In making pictures like this, the issue is not just how you explain an experiment to other people; it’s also a matter of how you come to understand the process yourself. While I was trying to make sense of the Zeno walk, I plotted lots of trajectories like these, initially by hand and then with a program that generated Postscript files. Some important features were quickly apparent. In particular, I noticed that the walker takes much bigger strides in the middle of the space than near the edges. (Of course this fact follows directly from the definition of the walk, but it doesn’t hurt to see a picture.) I also observed that most of the walks seem to spend most of their time hugging one edge or the other, seldom venturing back across the midline of the space. Even after looking at a few hundred examples, however, I didn’t feel like I had a really secure sense of how a “typical” walk would proceed.
As with many processes that evolve over time, the illustrative possibilities are much richer if we can escape the static bounds of ink on paper. And thus I was led to try creating a more dynamic and interactive display.
What you see above is not dynamic; it’s merely static pixels on glass. But you can see it all in action in this Java applet. Feel free to click on the link and go play, but do come back here afterward so we can continue the conversation.
Hello again.
Does this program succeed in conveying an intuitive sense of how the Zeno walker walks? Personally, I’ve found it helpful, although it still comes up far short of ideal. Adjusting the number of steps in each walk gives a sense of how the walker’s apparent attraction to the edges gets more extreme over time. And adjusting the rate at which paths fade into the background allows for a degree of balance between clutter and evanescence. But there may well be a better way to go about visualizing these concepts. I’d be interested in hearing suggestions.
A note on the implementation: The applet was created with the programming language called Processing, invented by Ben Fry and Casey Reas. I’ve just reviewed two books on Processing, and so this project was undertaken partly to try out the language and its programming environment. I found it very slick, and mostly trouble-free. The source code of the zenowalk program is available through a link on the applet page. (Most of the code for the buttons and sliders was cribbed from the book by Fry and Reas.)

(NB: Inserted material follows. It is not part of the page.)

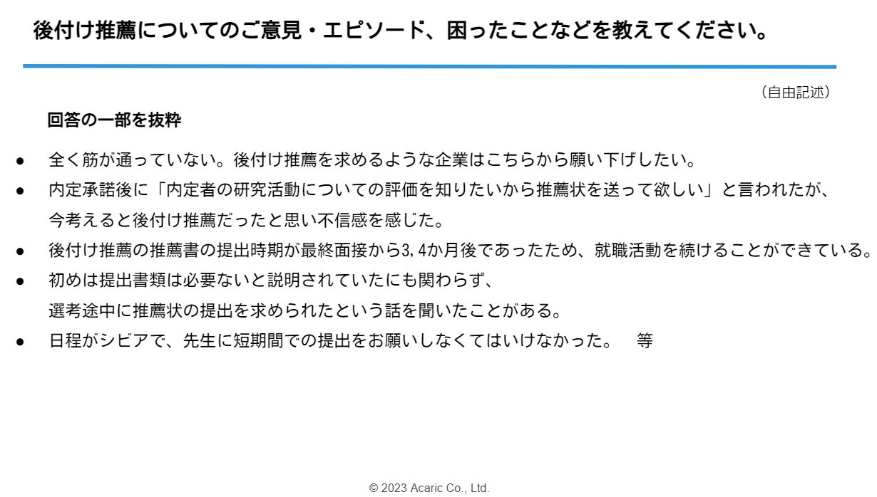 また、後付け推薦に関する意見を尋ねたところ、否定的な意見が多く寄せられました。
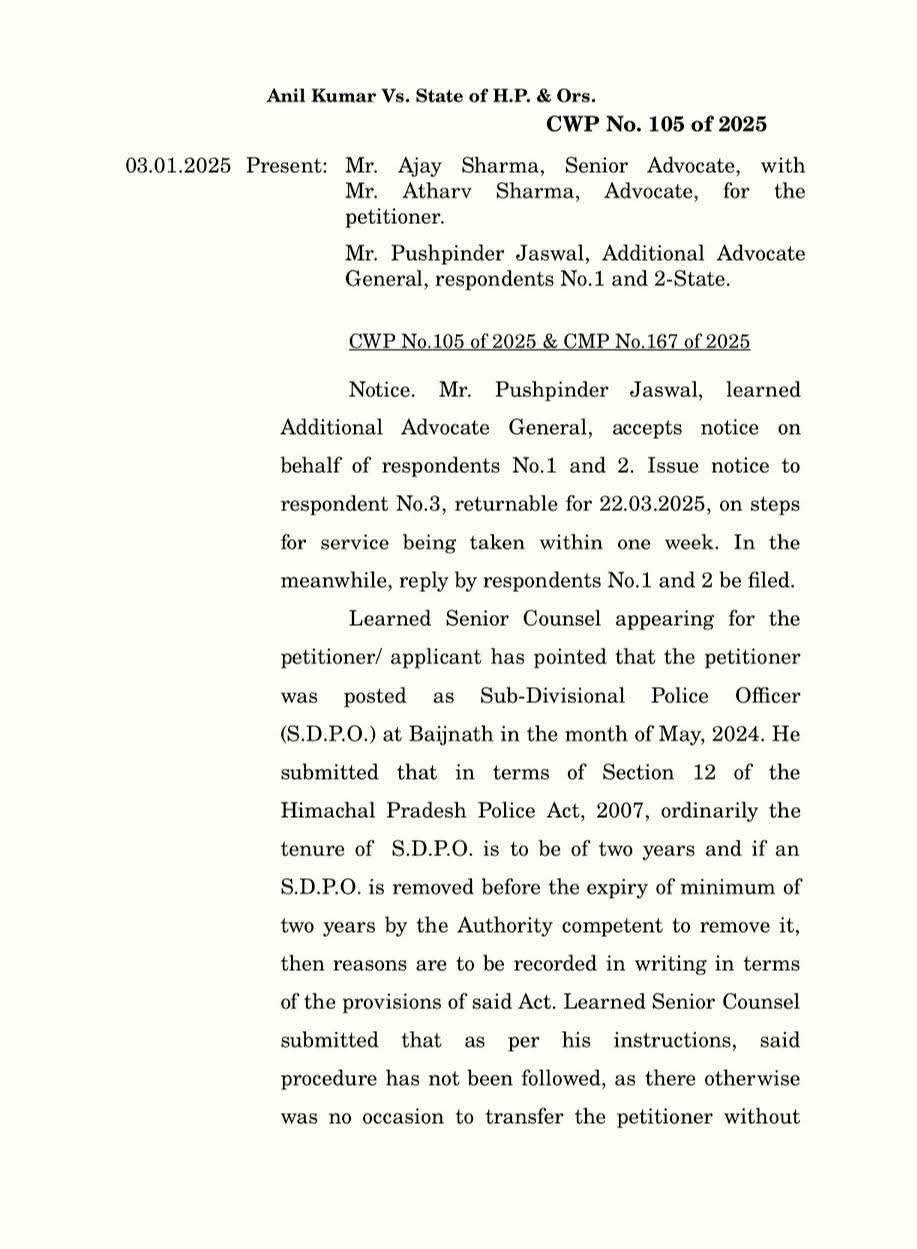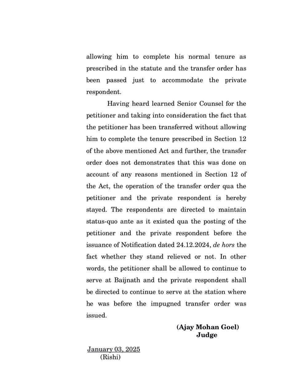 डी एस पी बैजनाथ अनिल शर्मा के तबादले पर उच्च न्यायालय की रोक लगा दी है। उनका तबादला गत दिनों 6 महीने के बाद ही बैजनाथ से पी टी सी डरोह कर दिया था। उच्च न्यायालय ने ताबदले पर रोक लगा दी है। अनिल शर्मा महज 22 वर्ष की आयु में डीएसपी बन गए थे।

Of course there’s always something lacking in any programming language. In this case what I missed most acutely was the exact rational arithmetic I rely on in Lisp. Processing has only single-precision floating-point numbers. In the Zeno walk, these numbers begin running out of significant digits after about 150 steps (which is why I limited the program to 145 steps). As far as I can tell, no one has yet written a Processing library for bignums and exact rationals. I guess that’s my job.
I’ve thought some about the questions in your article.
I prefer a variation where only the numbers between 0 and 1/2 are considered; then we always multiply by either 1/2 or 3/2 (and if multiplying by 3/2 gives a number > 1/2, subtract it from 1 to get a number < 1/2, and record a midline crossing).
In this scenario, we might as well start at level 2, with the number 1/4.
I’ve got some lemmas about the structure of Zeno-tree numbers that lead to a fairly fast algorithm for counting the numbers.
Consider an arbitary Zeno-tree number, like 7/16, and a path through the tree to get to that number (1/4 -> 3/8 -> (midline crossing) 7/16). Label the transitions in this path with either N (no crossing) or C (crossing); then this path gets the label NC. Given such a label ending with a C, there is at most one rational number with a path with that label.
We can prove this by induction. Consider a label L, ending with a C. Remove this C, then remove any trailing N’s from the remainder, to get a path L’; if we removed k N’s, we write this as L = L’ N^k C. Either L’ ends with a C (in which case it has at most one associated rational number), or it is the empty path (in which case it is associated with 1/4). If L’ has no associated rational, then neither does L. If L’ has an associated rational p, then consider the numbers (3^j/2^{k+1})*p, for nonnegative j. If one of these numbers falls between 1/2 and 1, then L is associated with 1-(3^j/2^{k+1))*p; otherwise, L is associated with no rational.
A path L that does not end with a C (so L = L’ N^k) is potentially associated with a set of rationals. Suppose that L’ is associated with the rational p; then L is associated with the set { (3^j/2^k)*p | j ≥ 0 and (3^j/2^k)*p ≤ 1/2 }.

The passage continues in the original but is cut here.